By Jacob Strieb

Published on November 10, 2019

Read the discussion at Hacker News

During the Fall 2018 semester, I had the pleasure of being a teaching assistant for Fundamentals of Programming and Computer Science (15-112) at Carnegie Mellon University, where I am an undergraduate. 112—as the course is commonly known—uses rigorous problem sets to teach algorithmic thinking and much of the Python programming language. Because it is required for many majors and programs throughout the university, students with widely varying academic backgrounds take the course.

As a TA, my responsibilities included leading weekly “small group” sessions. The course encourages interactive learning through guided practice, and these small, TA-led groups are ideal for hands-on learning.

Besides recursion, my favorite topic to teach in small groups was finding digit length. This deceptively simple task actually provides a surprising number of opportunities to explore deep ideas. The problem is stated as follows.

Write a function

`digitLength(n)`

that takes a natural number as input (i.e., 0, 1, 2, … – a nonnegative integer) and returns as output the number of digits the input has.For example:

`digitLength(69420) == 5`

and`digitLength(1337) == 4`

When this problem is assigned, students have learned about arithmetic operators, variables, conditional statments, and loops.
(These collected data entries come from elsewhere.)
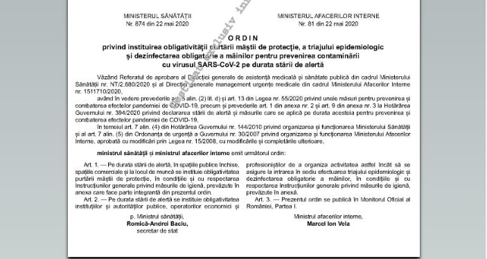 În Monitorul Oficial al României Partea I numărul 435, a fost publicat aproape de miezul nopții, și datat 22 mai 2020, Ordinul 874/22 privind instituirea obligativității purtării măștii de protecție, a triajului epidemiologic și dezinfectarea obligatorie a mâinilor pentru prevenirea contaminării cu virusul SARS-CoV-2 pe durata stării de alertă.
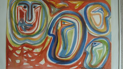 Finn Pedersen (1944-2014): Komposition af fantasivæsner (Spunks) og ansigter. Akvarel på papir. Sign.: Finn Pedersen. 36x51 (61x51) Glas med lille defekt.
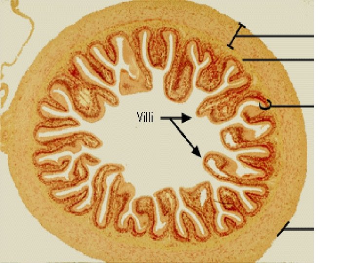 The Small Intestine • All the nutrients from digestion are absorbed by the small intestine • The surface of the small intestine is covered in villi The Villi • Villi increase the surface area of the small intestine. This means that more nutrients can be absorbed and faster.
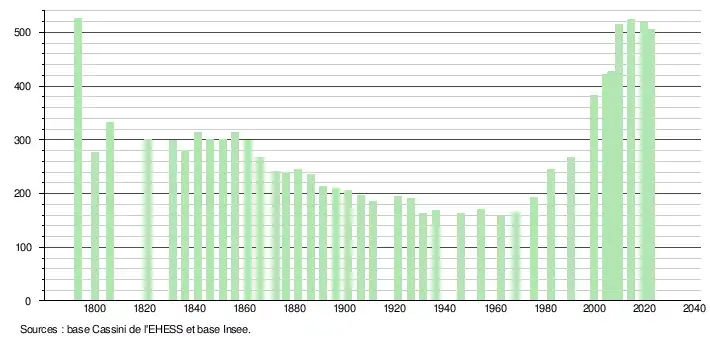 L'évolution du nombre d'habitants est connue à travers les recensements de la population effectués dans la commune depuis 1793. Pour les communes de moins de 10 000 habitants, une enquête de recensement portant sur toute la population est réalisée tous les cinq ans, les populations de référence des années intermédiaires étant quant à elles estimées par interpolation ou extrapolation[26]. Pour la commune, le premier recensement exhaustif entrant dans le cadre du nouveau dispositif a été réalisé en 2004[27].
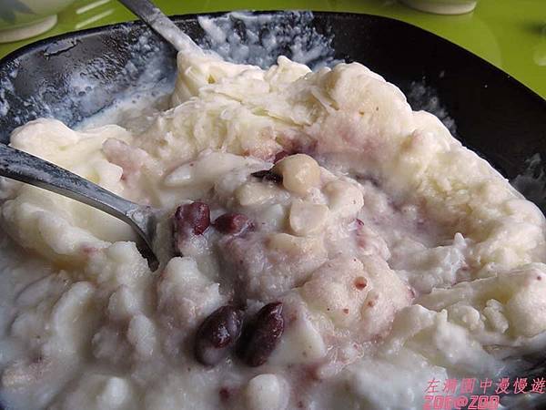 ↑吃到只剩三分之一時,才找到紅豆和花生,花生是煮得軟軟的那種還蠻大顆的。嗯...忍不住想起我喜愛的于記杏仁豆腐雪花冰,除了更濃一些的杏仁味和多一些的配料,最棒的是還能吃到杏仁碎粒,第一次吃到的時候大讚不已。
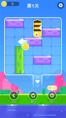 1、华容道逃脱卡通的游戏画风,好听的背景音乐,可以帮助玩家放松心情,愉快游戏。
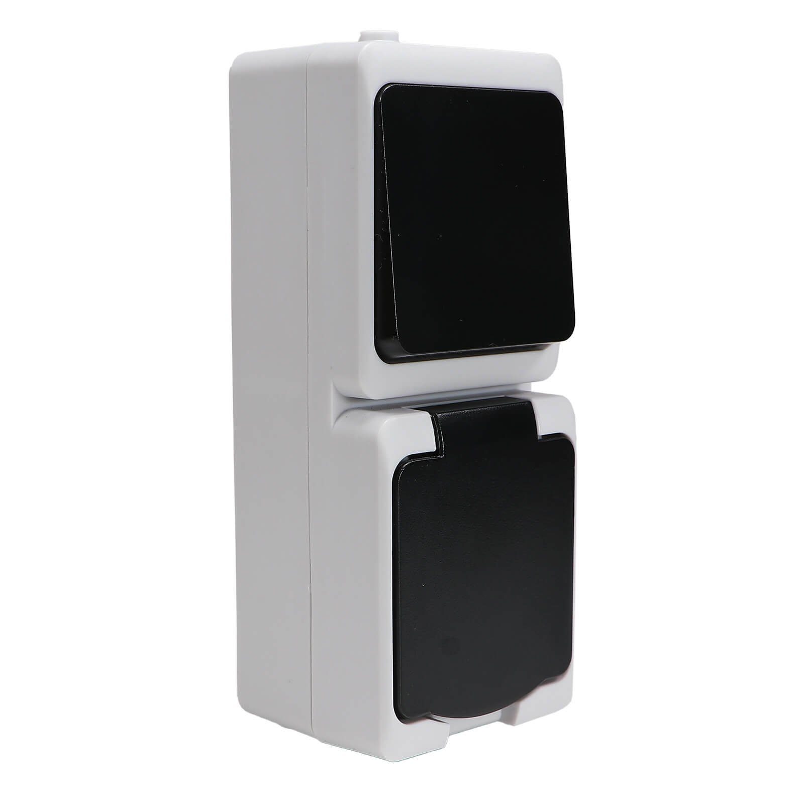 KOMPATIBEL - 2-fach Kombination Aus-/Wechselschalter und Steckdose senkrecht kombinierbar mit den Aufputz-Feuchtraum Schaltern und Steckdosen AquaMini für eine individuelle Raumgestaltung im und rund ums Haus
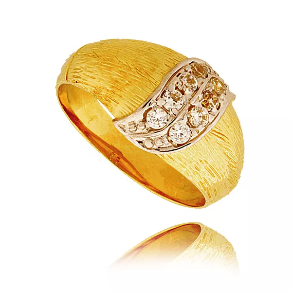 Złoty pierścionek podkreślający subtelny blask kamieni.
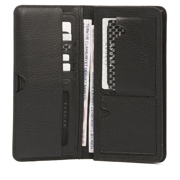 Tergan portföy deri cüzdan gerçek deriden üretilmiştir. Tergan deri cüzdanın kapalı ölçüsü Yükseklik 18,5 cm Genişlik 9,5 cm Kalınlık 3 cm. Tergan deri cüzdanın altı adet kart bölmesi, İç kısmın da telefon için bölmesi vardır. Portföy cüzdanın kartlık bölümü istenildiğin de çıkarılabilmektedir.
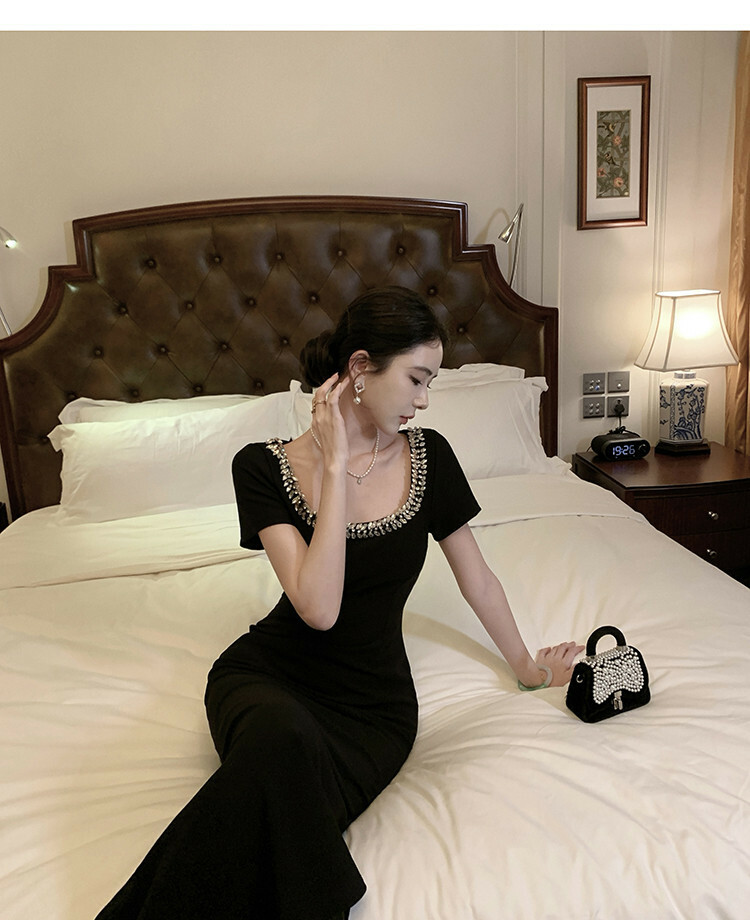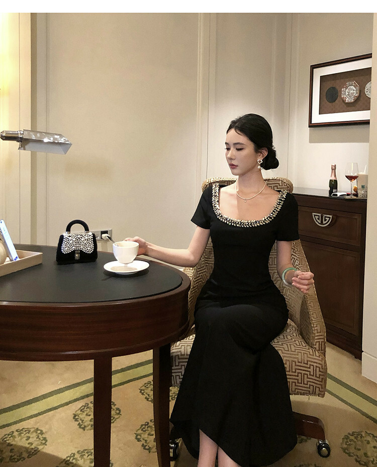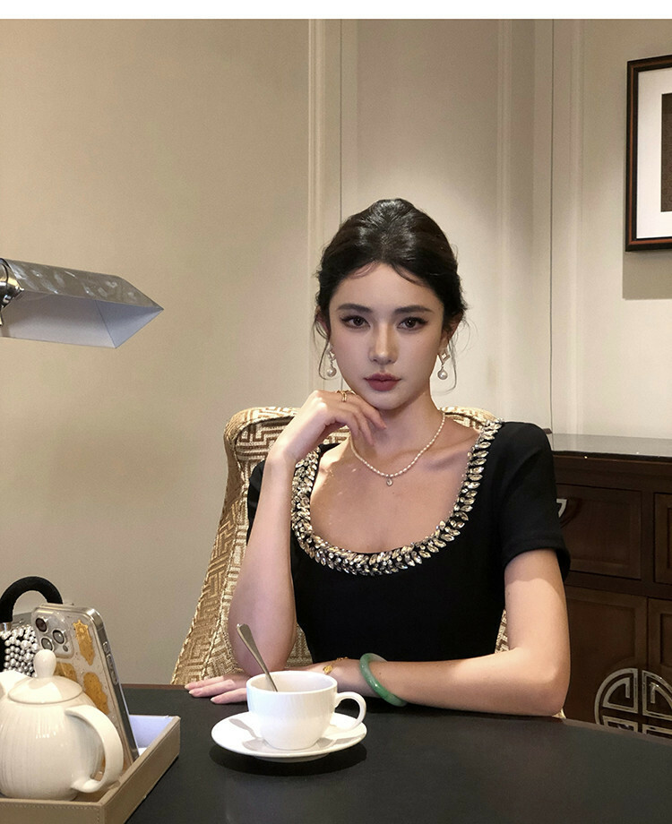鎖骨控! 杏仁眼水鑽U領收腰短袖洋裝

For the vast majority of students (who lack prior programming experience), this can be a particularly difficult time in the course. The first few weeks go quickly, and students are expected to solve problems using multiple programming concepts shortly after learning them. This task is ideal for helping students build confidence, practice basic topics, and learn skills that will be critical for their success in the rest of the course.

The first solution students come up with typically looks like the following.

```
def digitLengthNaive(n):
count = 0
while n != 0: # or while n > 0
n //= 10 # or n = n // 10
count += 1
return count
```

After correcting errors, reviewing functionally-equivalent alternatives, and congratulating students on their understanding of loops, functions, variables, and arithmetic, I ask them: does this function always work?

The simple^{1} answer: this solution fails on `n = 0`

, returning `0`

instead of `1`

because it never enters the loop body and thus never increments `count`

. Addressing this minor problem provides a good opportunity to review conditionals. It also prompts a discussion about handling edge cases, and the mechanics and merits of returning early. We are left with a valid solution that looks like the following.

```
def digitLengthNaive2(n):
# Handle n == 0 edge case
if n == 0:
return 1
count = 0
while n != 0:
n //= 10
count += 1
return count
```

Expecting to move on, most students are surprised when I pose the problem again, but with a constraint: don’t use any loops.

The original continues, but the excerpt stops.